*** Dataset records Section Begins ***

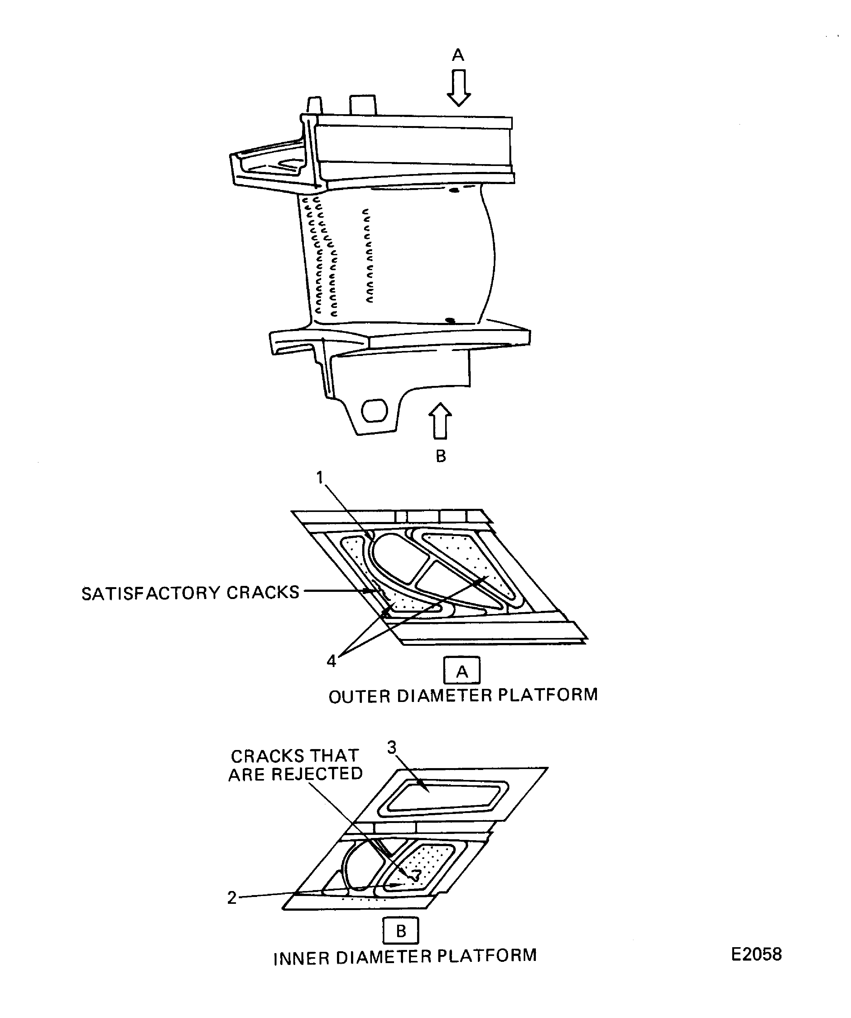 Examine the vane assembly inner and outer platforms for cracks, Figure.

*** Dataset records Section Ends ***
*** Dataset records Section Begins ***

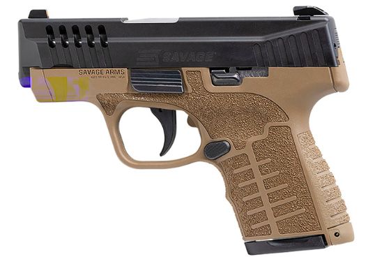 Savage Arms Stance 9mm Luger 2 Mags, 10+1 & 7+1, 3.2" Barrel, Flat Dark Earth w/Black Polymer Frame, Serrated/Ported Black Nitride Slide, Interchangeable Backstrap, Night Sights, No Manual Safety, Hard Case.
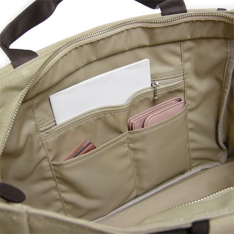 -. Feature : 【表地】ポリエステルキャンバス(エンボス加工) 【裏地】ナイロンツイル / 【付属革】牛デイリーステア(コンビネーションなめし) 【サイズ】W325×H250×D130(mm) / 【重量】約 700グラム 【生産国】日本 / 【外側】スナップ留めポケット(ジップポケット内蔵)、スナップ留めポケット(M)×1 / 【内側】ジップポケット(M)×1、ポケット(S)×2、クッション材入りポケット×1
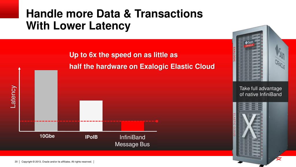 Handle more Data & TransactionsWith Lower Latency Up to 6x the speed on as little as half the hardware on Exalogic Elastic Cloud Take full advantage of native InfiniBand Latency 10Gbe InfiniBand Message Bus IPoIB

*** Dataset records Section Ends ***

Problem description: Starting at the line above that holds "Savage Arms Stance", return each line up to and including the one that holds "Handle more Data", exactly as written, minus any pictures.

Answer for the task:
 Savage Arms Stance 9mm Luger 2 Mags, 10+1 & 7+1, 3.2" Barrel, Flat Dark Earth w/Black Polymer Frame, Serrated/Ported Black Nitride Slide, Interchangeable Backstrap, Night Sights, No Manual Safety, Hard Case.
 -. Feature : 【表地】ポリエステルキャンバス(エンボス加工) 【裏地】ナイロンツイル / 【付属革】牛デイリーステア(コンビネーションなめし) 【サイズ】W325×H250×D130(mm) / 【重量】約 700グラム 【生産国】日本 / 【外側】スナップ留めポケット(ジップポケット内蔵)、スナップ留めポケット(M)×1 / 【内側】ジップポケット(M)×1、ポケット(S)×2、クッション材入りポケット×1
 Handle more Data & TransactionsWith Lower Latency Up to 6x the speed on as little as half the hardware on Exalogic Elastic Cloud Take full advantage of native InfiniBand Latency 10Gbe InfiniBand Message Bus IPoIB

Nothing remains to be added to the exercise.